* WHAT THE EXERCISE ASKS: Exact copy, no pictures: return all the records as they stand.

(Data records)
+---+
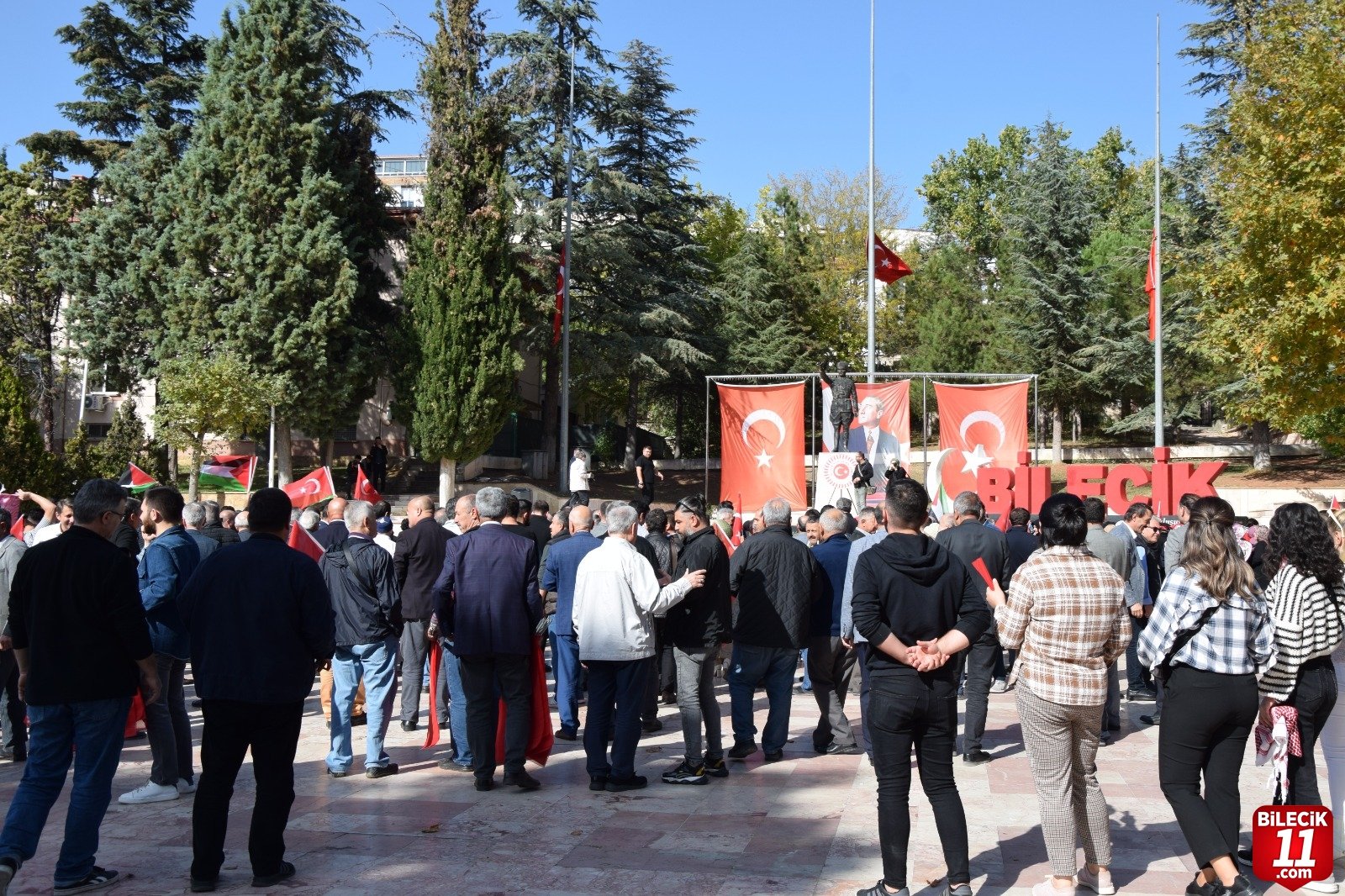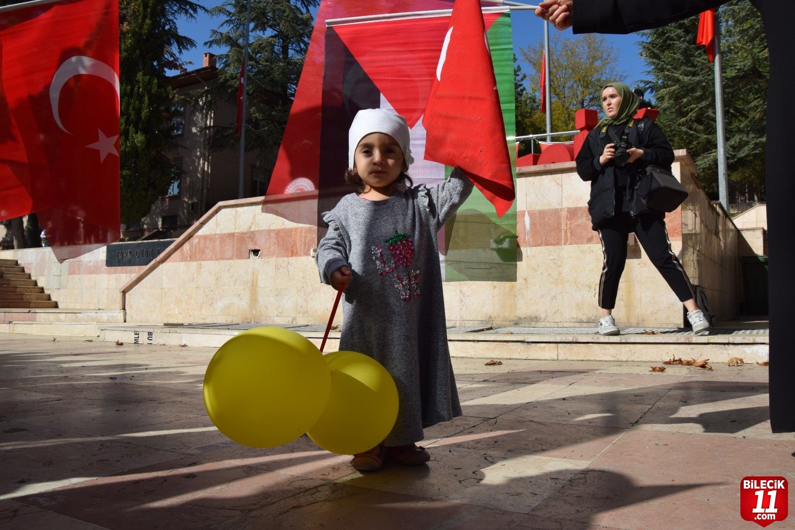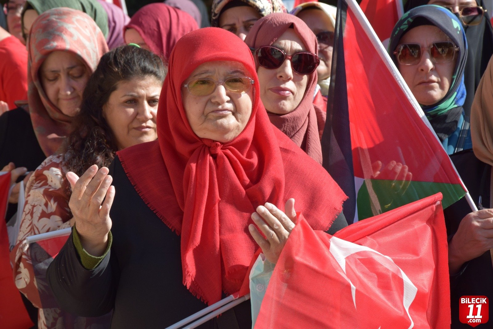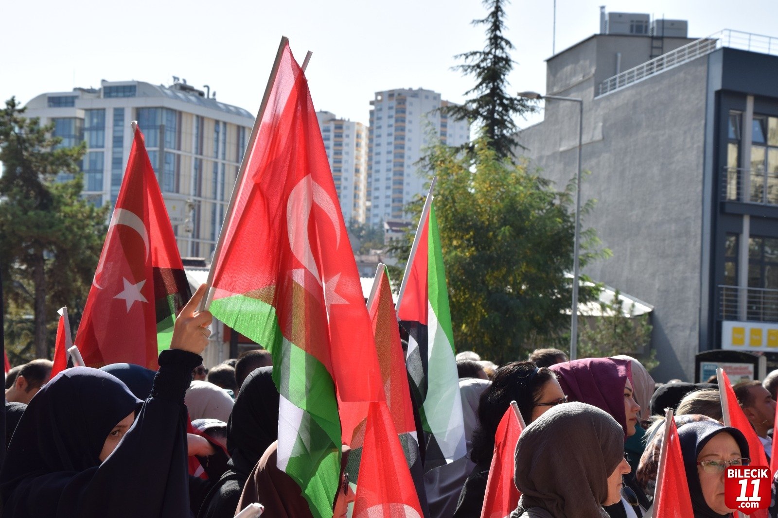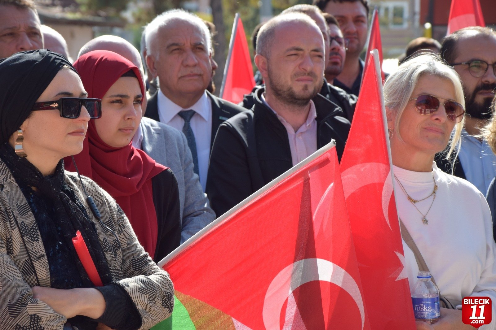Bilecik’te toplanan yüzlerce kişi, İsrail’in Filistin’e uyguladığı zulümü kınadı.
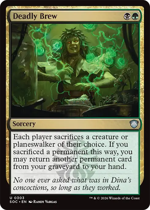 每位玩家各犧牲一個依其選擇的生物或鵬洛客。如果你以此法犧牲一個永久物,則你可以將另一張永久物牌從你的墳墓場移回你手上。
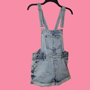 BSKGIRL BERSHKA Denim Short Bib Overalls Adjustable Straps Light Wash
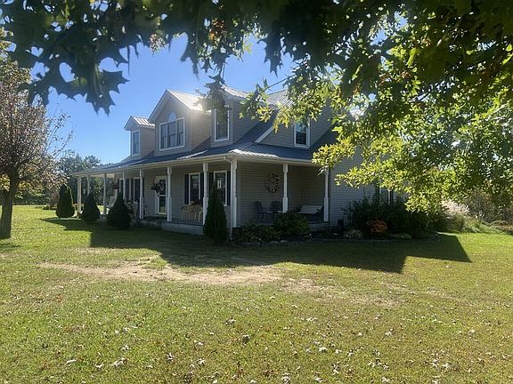 This property is a charming single-family residence featuring 3 bedrooms and 2 and a half baths built in 1995. Set on a generous 34.27 acre tract, it includes an inground pool and a pond perfect for outdoor enjoyment! The living room boast a cathedral ceiling, enhancing it's spacious feel, while the two-story design includes a loft that overlooks the main living area. The L-shaped porch invites a relaxing atmosphere. A rustic cabin adds to the appeal, complemented by a white picket fence. These features are perfect for the would-be hunter or farmer and privacy is assured, making this a tranquil retreat in a beautiful country setting.
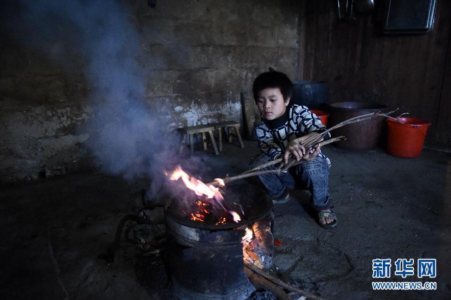 Yang Zhanyi builds a fire before preparing supper at home.
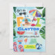 QUALQUER IDADE - basta editá-la e adicionar sua própria foto. Um convite bonito e chique para o aniversário do seu filho. Pegue isso agora! (a versão da menina também está disponível em nosso compro!) Tema: Festa de Piscina de Verão. Cores Tropicais: Azul, verde, roxo, laranja, amarelo. Estilo: Aquarela. Design: Folhas tropicais, bola de praia, óculos escuros, parasol colorido, sorvete, flocos de sacudir.
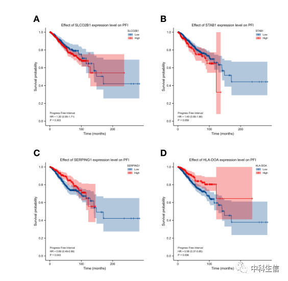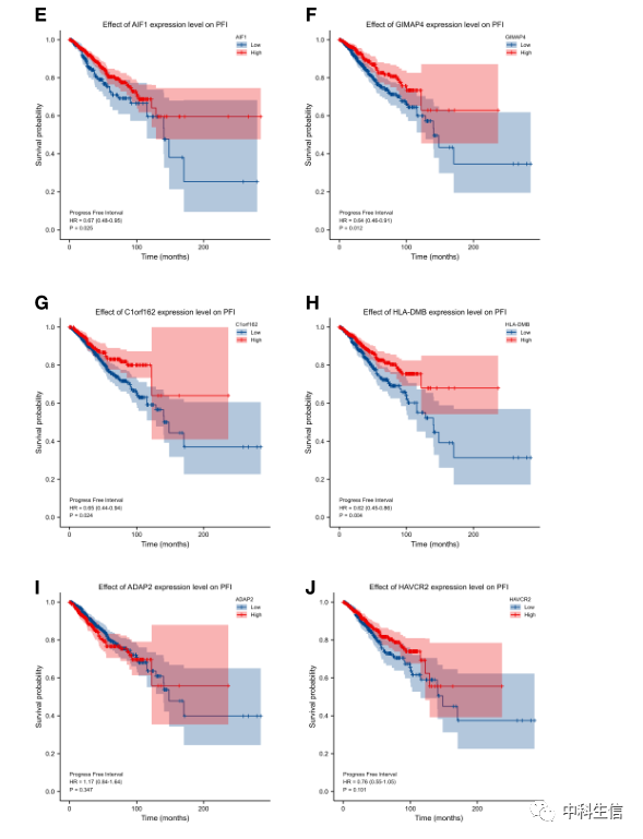 10个hub基因的无进展间隔(PFI)曲线。BC患者各基因高、低表达的无进展间隔(PFI)曲线(图5)。
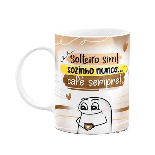 Caneca Flork Divertida - Solteiro sim, sozinho nunca!
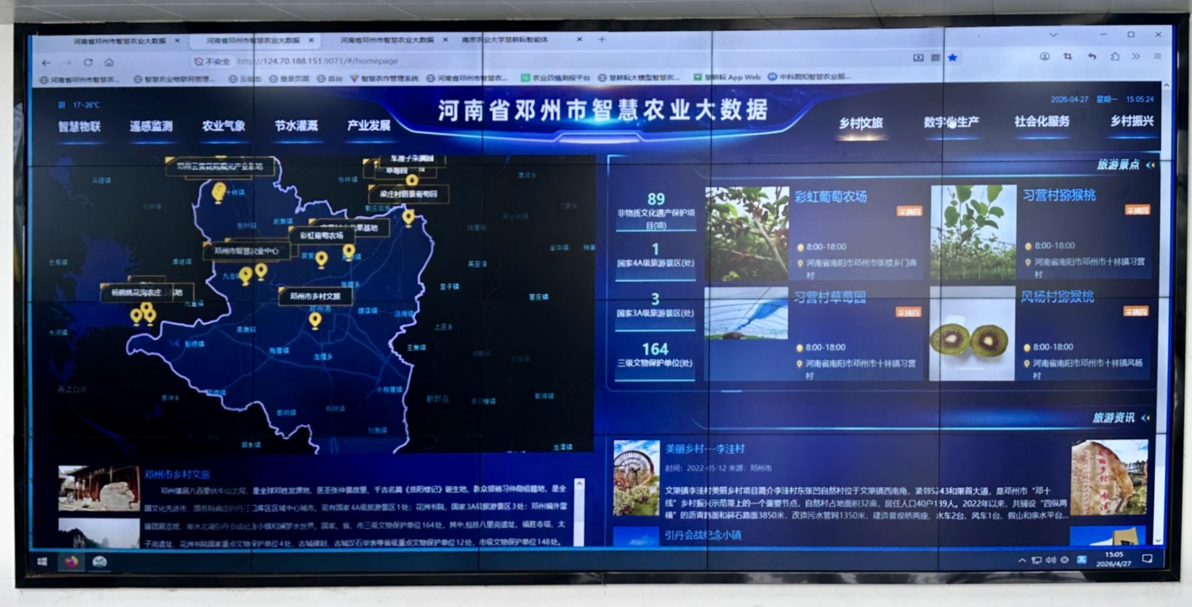 4月27日,河南省邓州市文渠镇李洼村,邓州市智慧农业中心内,一面大屏正在实时刷新麦田数据。工作人员点开一处地块,土壤墒情、气象变化、作物长势等信息随即呈现。
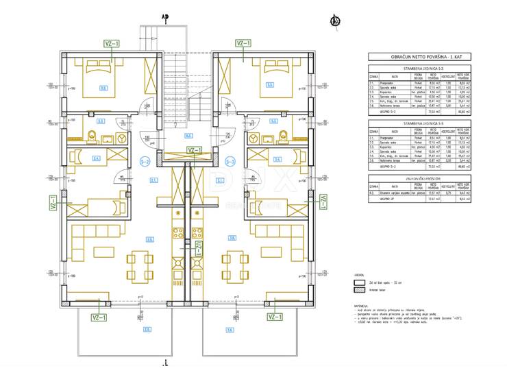 Projekt se sastoji od dvije manje zgrade sa ukupno 8 stanova (svaka zgrada po 4 stana) raspoređenih kroz prizemlje i dva kata, što znači manje susjeda i veću razinu privatnosti. U prizemlju su garaže i po jedan stan, na 1. katu po dva stana dok se na 2. katu nalaze penthousei s pogledom na more.
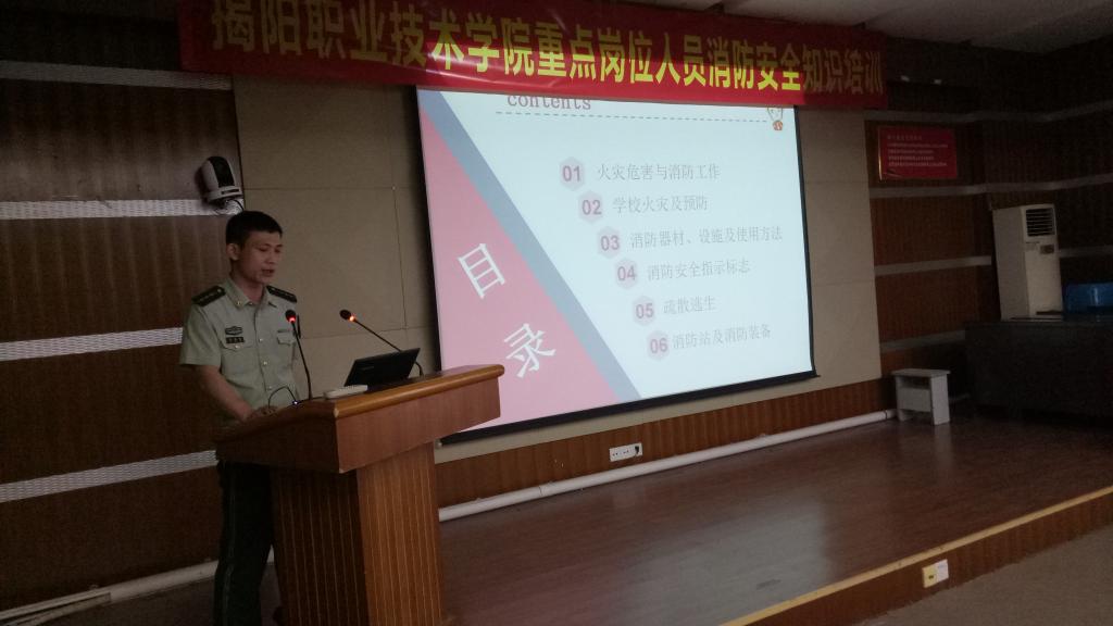 培训会,邀请市消防局榕城大队刘教官主讲,刘教官首先播放了近期国内外大量火灾事故案例,讲解火灾是如何发生及蔓延的。影片中触目惊心的画面,让大家深刻感受到火灾带来的巨大人员伤亡及财产损失。刘教官同时为大家讲解了火灾的危害、学校发生火灾的种类以及预防工作,传授了如何正确使用家庭电器、火情紧急情况处置方法、火灾应急疏散及火场自救互救等内容。
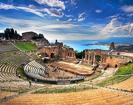A Greek amphitheatre overlooking the ocean and Mount Etna, the ancient theatre of Taormina is one of the most interesting destinations in Sicily and is still used for theatre performances and concerts.
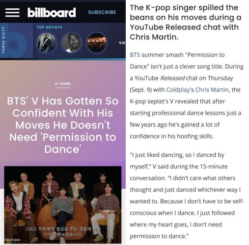 빌보드는 “BTS V가 댄스에 자신감을 얻으면서 댄스에는 허락이 필요 없게 됐다”는 기사를 통해 뷔와 크리스 마틴이 댄스는 “스스로 자유로워지며 마음이 가는대로 하는 것이 중요하다”며 서로 공감하는 장면을 실었다.
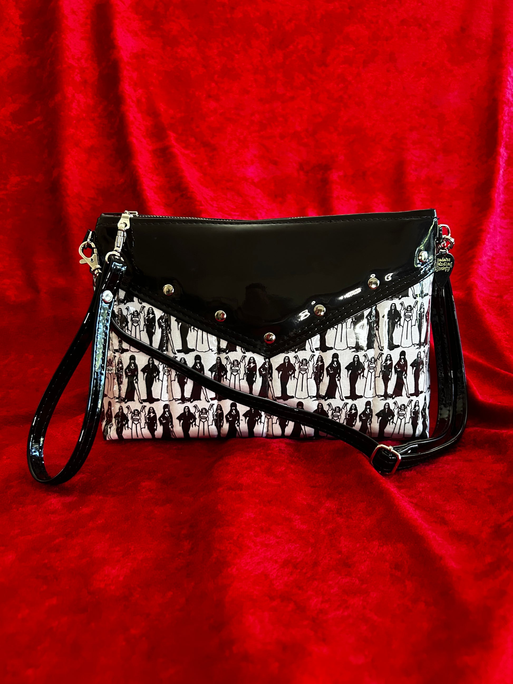 Treat yourself to the ultimate goth girl accessory with our Ghoul Gang Crossbody! This sleek crossbody bag boasts plenty of room to stash all your gothic goodies, and its metal zipper closure will keep everything secure. Perfect for year-round accessorizing for those spooky babes in your life -- buy one for you AND your best ghoulfriend!🦇
+---+
* ANSWER:
Bilecik’te toplanan yüzlerce kişi, İsrail’in Filistin’e uyguladığı zulümü kınadı.
 每位玩家各犧牲一個依其選擇的生物或鵬洛客。如果你以此法犧牲一個永久物,則你可以將另一張永久物牌從你的墳墓場移回你手上。
 BSKGIRL BERSHKA Denim Short Bib Overalls Adjustable Straps Light Wash
 This property is a charming single-family residence featuring 3 bedrooms and 2 and a half baths built in 1995. Set on a generous 34.27 acre tract, it includes an inground pool and a pond perfect for outdoor enjoyment! The living room boast a cathedral ceiling, enhancing it's spacious feel, while the two-story design includes a loft that overlooks the main living area. The L-shaped porch invites a relaxing atmosphere. A rustic cabin adds to the appeal, complemented by a white picket fence. These features are perfect for the would-be hunter or farmer and privacy is assured, making this a tranquil retreat in a beautiful country setting.
 Yang Zhanyi builds a fire before preparing supper at home.
 QUALQUER IDADE - basta editá-la e adicionar sua própria foto. Um convite bonito e chique para o aniversário do seu filho. Pegue isso agora! (a versão da menina também está disponível em nosso compro!) Tema: Festa de Piscina de Verão. Cores Tropicais: Azul, verde, roxo, laranja, amarelo. Estilo: Aquarela. Design: Folhas tropicais, bola de praia, óculos escuros, parasol colorido, sorvete, flocos de sacudir.
 10个hub基因的无进展间隔(PFI)曲线。BC患者各基因高、低表达的无进展间隔(PFI)曲线(图5)。
 Caneca Flork Divertida - Solteiro sim, sozinho nunca!
 4月27日,河南省邓州市文渠镇李洼村,邓州市智慧农业中心内,一面大屏正在实时刷新麦田数据。工作人员点开一处地块,土壤墒情、气象变化、作物长势等信息随即呈现。
 Projekt se sastoji od dvije manje zgrade sa ukupno 8 stanova (svaka zgrada po 4 stana) raspoređenih kroz prizemlje i dva kata, što znači manje susjeda i veću razinu privatnosti. U prizemlju su garaže i po jedan stan, na 1. katu po dva stana dok se na 2. katu nalaze penthousei s pogledom na more.
 培训会,邀请市消防局榕城大队刘教官主讲,刘教官首先播放了近期国内外大量火灾事故案例,讲解火灾是如何发生及蔓延的。影片中触目惊心的画面,让大家深刻感受到火灾带来的巨大人员伤亡及财产损失。刘教官同时为大家讲解了火灾的危害、学校发生火灾的种类以及预防工作,传授了如何正确使用家庭电器、火情紧急情况处置方法、火灾应急疏散及火场自救互救等内容。
A Greek amphitheatre overlooking the ocean and Mount Etna, the ancient theatre of Taormina is one of the most interesting destinations in Sicily and is still used for theatre performances and concerts.
 빌보드는 “BTS V가 댄스에 자신감을 얻으면서 댄스에는 허락이 필요 없게 됐다”는 기사를 통해 뷔와 크리스 마틴이 댄스는 “스스로 자유로워지며 마음이 가는대로 하는 것이 중요하다”며 서로 공감하는 장면을 실었다.
 Treat yourself to the ultimate goth girl accessory with our Ghoul Gang Crossbody! This sleek crossbody bag boasts plenty of room to stash all your gothic goodies, and its metal zipper closure will keep everything secure. Perfect for year-round accessorizing for those spooky babes in your life -- buy one for you AND your best ghoulfriend!🦇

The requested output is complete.